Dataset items
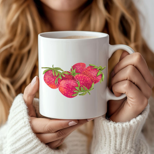 Vibrant Strawberry Mug with Fresh Fruit Art
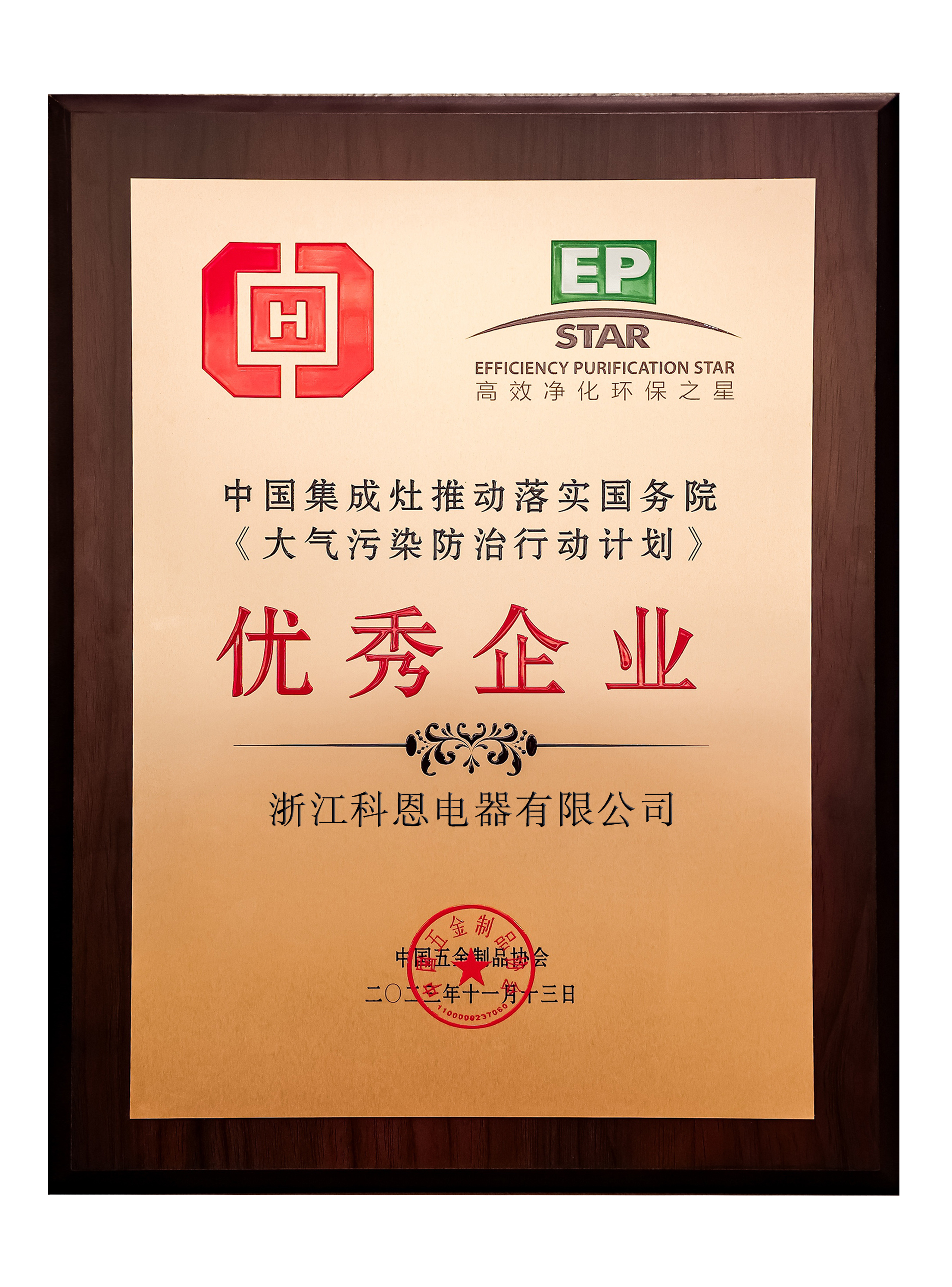 20231128日,主題為煙火人間 凈秀山河有中國五金制品協(xié)會(huì)召開的“中國五金制品協(xié)會(huì)吸油煙機(jī)分會(huì)·換屆&技術(shù)大會(huì)暨‘高效凈化環(huán)保之星’10周年慶典”在杭州隆重舉辦。會(huì)上發(fā)布了獲得本屆高效凈化環(huán)保之星優(yōu)秀企業(yè),并向多年來連續(xù)參與此項(xiàng)目并表現(xiàn)突出的企業(yè)給予了嘉獎(jiǎng)。科恩再一次榮獲中國五金制品協(xié)會(huì)-理事單位”及“中國集成灶推動(dòng)落實(shí)國務(wù)院《大氣污染防治行動(dòng)計(jì)劃》-優(yōu)秀企業(yè)”!
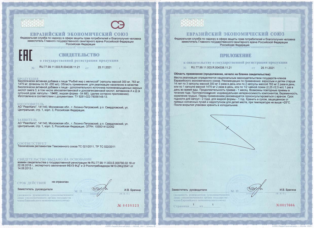 БАД к пище «Рыбий жир с мелиссой» зарегистрирована Федеральной службой по надзору в сфере защиты прав потребителей и благополучия человека. Свидетельство о государственной регистрации № RU.77.99.11.003.E.000790.02.18 от 22.02.2018 года ТУ 9281-022-78056148-13.
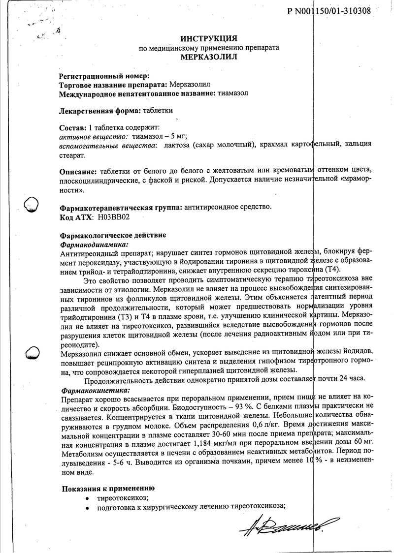 Описание лекарственного средства Мерказолил не предназначено для назначения лечения без участия врача.
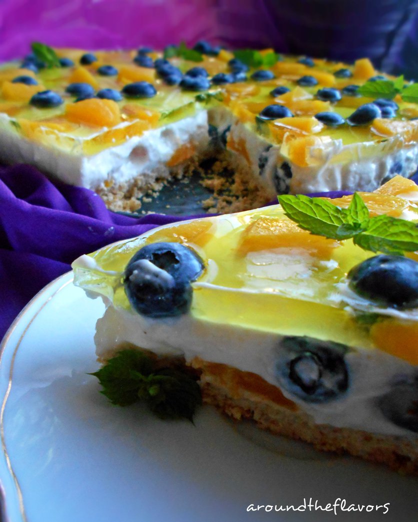 Jogurtowy serniczek na zimno z borówką i brzoskwinią
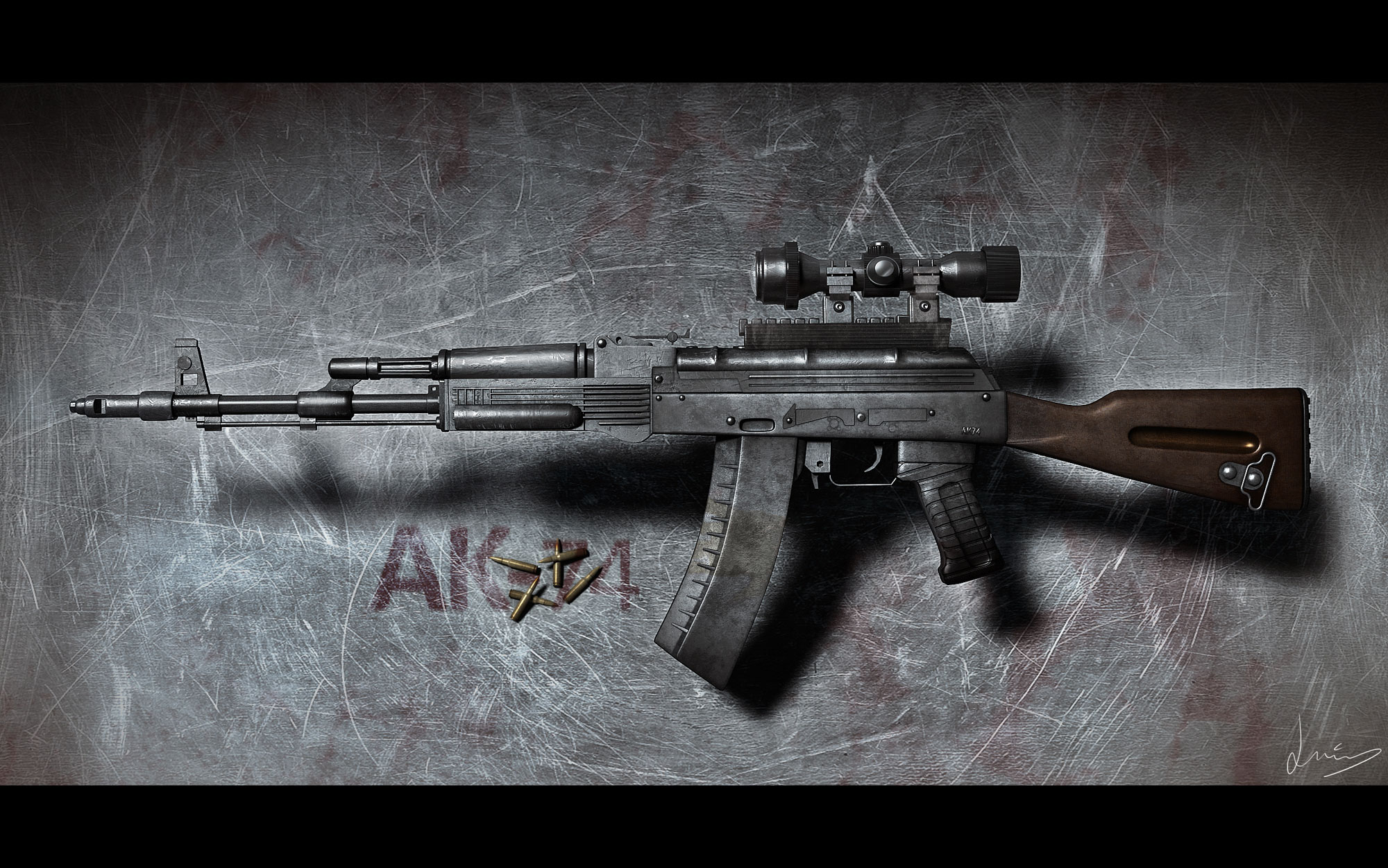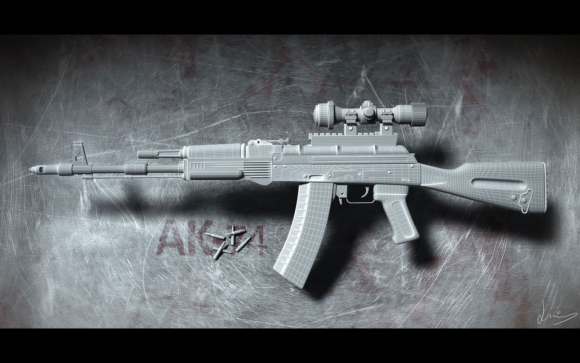 Aquí les presento mi último trabajo, es un arma ak-74. No soy partidario de las armas ni mucho menos ni me atraen, pero como me gustan mucho los videojuegos y en especial Call of Duty, bueno pues sobran las palabras entonces. Este rendering lo hice con 3ds Max, Vray y Adobe Photoshop en la postproducción, espero que les guste sobre todo a los apasionados de las armas que seguro le sacaran más de un fallo por ahí, pero bueno me divertí con este trabajo que es de lo que se trata. Un saludo a todos, bienvenido cualquier tipo de comentario y ya de paso dejarles saber que pueden visitar mi blog www.3dluistutorials.com o mi canal de YouTube www.youtube.com/3dluistutorials para ver tutoriales de 3d y postproducción gratuitos, además de poder ver sesiones en directo online de vez en cuando. Chao.

▶ **The problem**: Please leave out the pictures as you reproduce the lines exactly, from the first line of the entries through the line containing "Jogurtowy serniczek na".

▶ **Expected answer**:
 Vibrant Strawberry Mug with Fresh Fruit Art
 20231128日,主題為煙火人間 凈秀山河有中國五金制品協(xié)會(huì)召開的“中國五金制品協(xié)會(huì)吸油煙機(jī)分會(huì)·換屆&技術(shù)大會(huì)暨‘高效凈化環(huán)保之星’10周年慶典”在杭州隆重舉辦。會(huì)上發(fā)布了獲得本屆高效凈化環(huán)保之星優(yōu)秀企業(yè),并向多年來連續(xù)參與此項(xiàng)目并表現(xiàn)突出的企業(yè)給予了嘉獎(jiǎng)。科恩再一次榮獲中國五金制品協(xié)會(huì)-理事單位”及“中國集成灶推動(dòng)落實(shí)國務(wù)院《大氣污染防治行動(dòng)計(jì)劃》-優(yōu)秀企業(yè)”!
 БАД к пище «Рыбий жир с мелиссой» зарегистрирована Федеральной службой по надзору в сфере защиты прав потребителей и благополучия человека. Свидетельство о государственной регистрации № RU.77.99.11.003.E.000790.02.18 от 22.02.2018 года ТУ 9281-022-78056148-13.
 Описание лекарственного средства Мерказолил не предназначено для назначения лечения без участия врача.
 Jogurtowy serniczek na zimno z borówką i brzoskwinią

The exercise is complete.